>>>

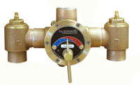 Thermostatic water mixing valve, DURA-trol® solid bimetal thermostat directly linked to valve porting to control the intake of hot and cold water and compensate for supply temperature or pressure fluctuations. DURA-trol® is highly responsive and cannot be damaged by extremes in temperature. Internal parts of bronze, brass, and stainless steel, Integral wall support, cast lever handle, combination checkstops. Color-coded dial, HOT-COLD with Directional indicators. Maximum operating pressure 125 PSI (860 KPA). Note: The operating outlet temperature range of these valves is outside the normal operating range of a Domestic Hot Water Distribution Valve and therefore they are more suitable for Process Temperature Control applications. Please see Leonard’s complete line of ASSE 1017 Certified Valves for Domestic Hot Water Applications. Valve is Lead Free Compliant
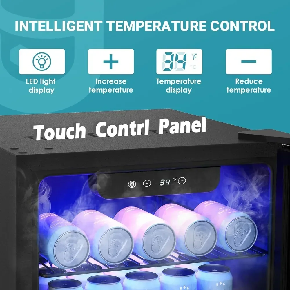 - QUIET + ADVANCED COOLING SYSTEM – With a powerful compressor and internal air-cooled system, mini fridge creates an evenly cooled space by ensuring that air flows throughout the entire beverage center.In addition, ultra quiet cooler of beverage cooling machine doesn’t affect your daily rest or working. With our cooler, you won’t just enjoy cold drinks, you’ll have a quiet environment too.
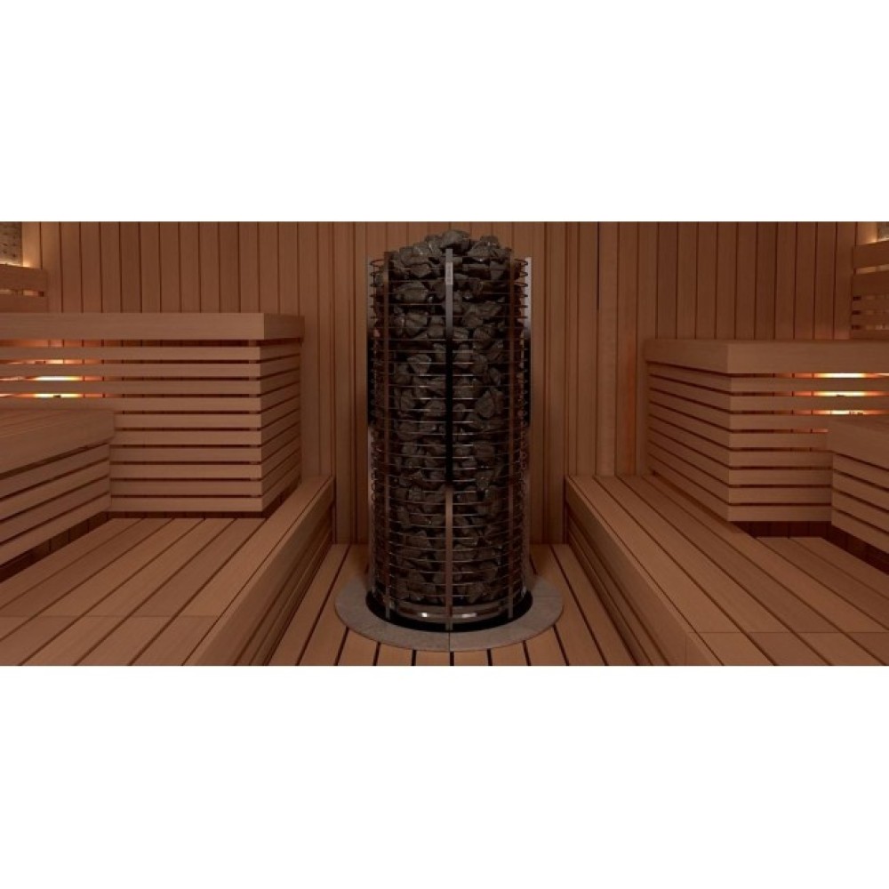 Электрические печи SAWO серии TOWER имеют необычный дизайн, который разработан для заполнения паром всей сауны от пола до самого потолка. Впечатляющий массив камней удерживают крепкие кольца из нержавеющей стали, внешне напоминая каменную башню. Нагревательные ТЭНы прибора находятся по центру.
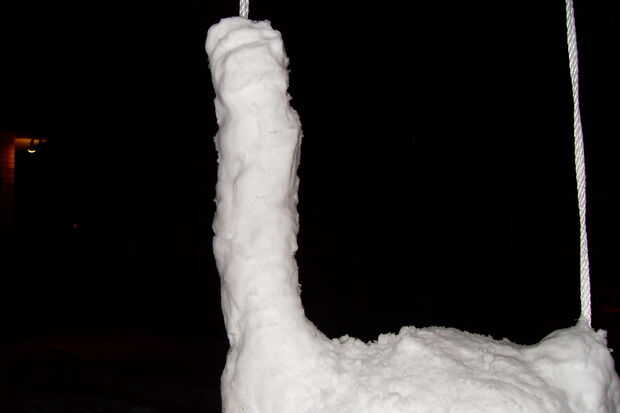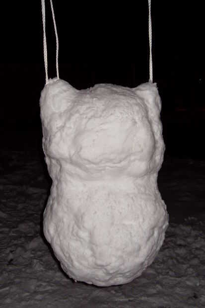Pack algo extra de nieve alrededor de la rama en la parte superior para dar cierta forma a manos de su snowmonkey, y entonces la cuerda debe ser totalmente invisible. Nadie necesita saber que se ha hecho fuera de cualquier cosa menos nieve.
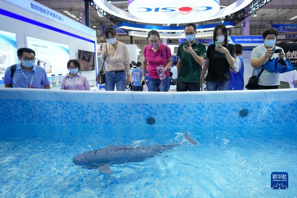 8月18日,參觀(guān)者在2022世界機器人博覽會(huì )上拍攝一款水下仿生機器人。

<<<

- **REQUIREMENT**
For this exercise, write out exactly the lines from the one with "Электрические печи SAWO" through the last line of the records, inclusive, and leave each picture out.

- **RESPONSE AREA**
 Электрические печи SAWO серии TOWER имеют необычный дизайн, который разработан для заполнения паром всей сауны от пола до самого потолка. Впечатляющий массив камней удерживают крепкие кольца из нержавеющей стали, внешне напоминая каменную башню. Нагревательные ТЭНы прибора находятся по центру.
Pack algo extra de nieve alrededor de la rama en la parte superior para dar cierta forma a manos de su snowmonkey, y entonces la cuerda debe ser totalmente invisible. Nadie necesita saber que se ha hecho fuera de cualquier cosa menos nieve.
 8月18日,參觀(guān)者在2022世界機器人博覽會(huì )上拍攝一款水下仿生機器人。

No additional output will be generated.